Thursday, July 31, 2008


The Princeton American Elm tree is a very fast growing tree. It grows 3 to 6' a year and is very strong. It is not like other fast growing trees that get brittle, it maintains a very strong new growth and is not prone to splitting like some of the Chinese Lacebark elms, Sycamores or Tulip Poplars.

The Princeton American Elm is also extremely urban tolerant. It is the most urban tolerant tree I have ever seen.


  1. I think it's great hat you're working to get elms back in the landscape. However, wouldn't it be better to include in your offerings as many different cultivars as possible? Granted, Valley Forge is not without its challenges and in its formative stages leaves a bit to be desired re: form. As much as I probably prefer Princeton, it does seem dangerous to focus on only one cultivar, thereby narrowing the genetic basis of disease/pest resistance.

    Anyone care to comment?

  2. Terry, I agree, but we set up the web blog to specifically talk about the Princeton American elm. We feel we need to get its story back out in the public eye especially since the Princeton elm is such a diverse tree in its applications. From most of the cities and municipalities who plant the tree in their communities, they are doing a good job getting a mix of trees. The day of planting all of one tree in a community is gone. Feel assured that there are pleanty of other elms being planted out there besides the Princeton. Even in our trees farm here, we grow Valley Forge, Allee, Bosque, Lacebark and Jefferson Elms along with many other shade and ornamental varieties of trees. I would love to here more from others as well, but you are right in line with what you are saying.

    Thanks and take care!

  3. Being a nurseryman for 30+ years and seeing several trees just be a flash in the pan if you will, the Princeton Elm has the most potential to meet the wants of any tree out there hands down. Remember, the Princeton Elm was choosen in the 20's for its landscape greatness. No other American elm cultivar has that going for it. That's one of the main reasons we at Sharp Top Tree and Riveredge Farms are behind this tree. We do grow Vally Forge and Jefferson and I am with you on the fact that we do need to stay away from any monoculture mass plantings, but the Princeton is hands down the best American elm out there bar none. Try it you will most definatly like it.

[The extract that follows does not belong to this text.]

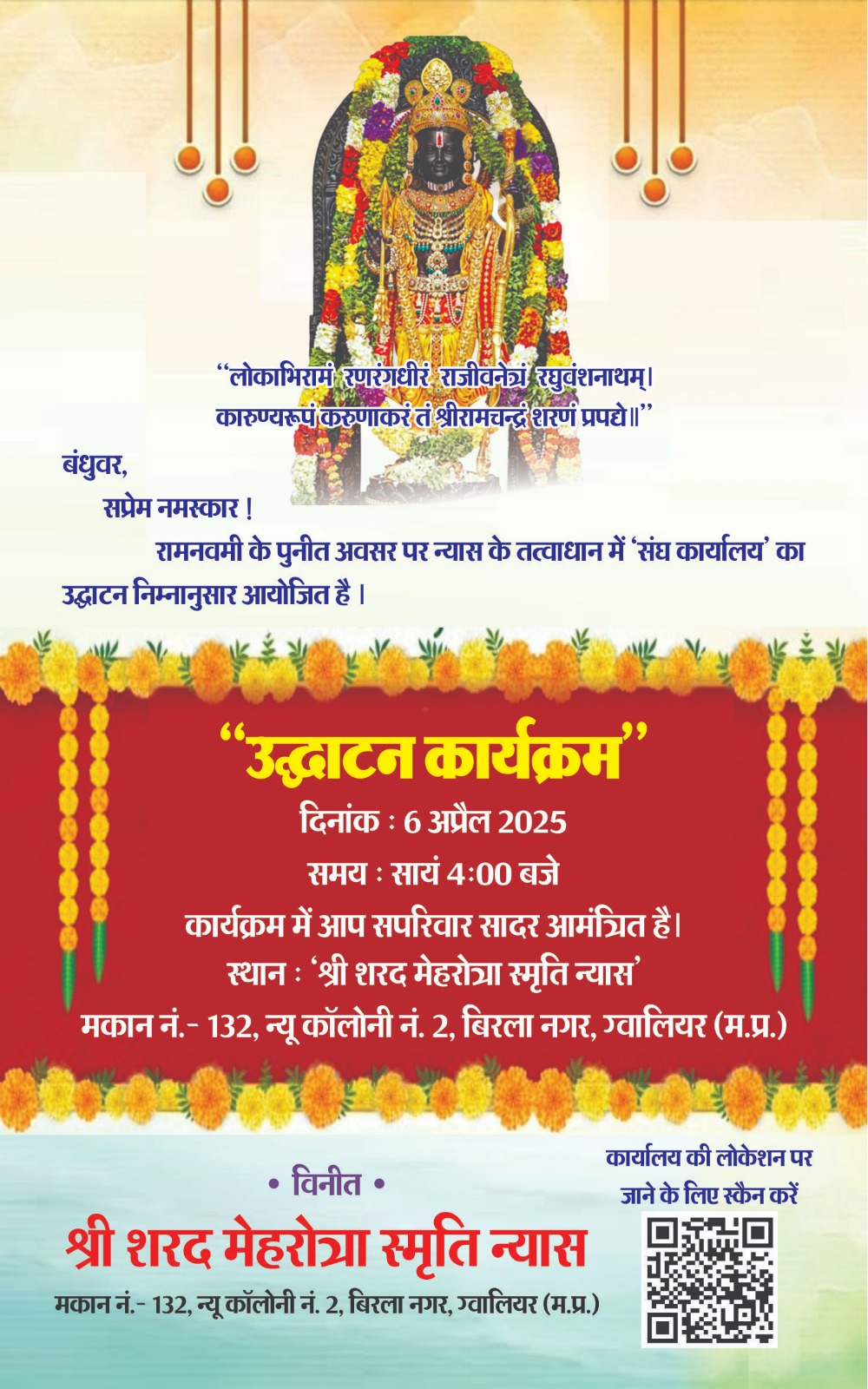ग्वालियर/ शरद स्मृति सेवा न्यास द्वारा बिरलानगर में राष्ट्रीय स्वयंसेवक संघ कार्यालय का उद्घाटन रामनवमी 6 अप्रैल को शाम 4 बजे किया जाएगा।

  4. Jared: I'm sorry it took so long to respond to your response. I'm glad to learn that you do grow other elm varieties. Rest assured, I was not attempting to change the focus of the blog.

    As I mentioned, I really do think that Princeton is the perfect tree, especially for municipalities, especially since they are considerably lower maintenance and achieve the desirable form with minimal pruning. Here in Boston and neighboring Brookline, they are FINALLY starting to plant them here and there. I happened on Beacon Street in Brookline, that town's most prominent thoroughfare last month and noticed that as part of a major streetscape improvement Princetons had been quite extensively planted, together with Accolade elms and a smattering of Patriot elms. Many of the Princetons were still in their bags and staked but not yet fully planted. I will be anxious to see how they fare next year.
    ALL the ded tolerant elms experienced explosive growth this growing season due the the generous rains we received.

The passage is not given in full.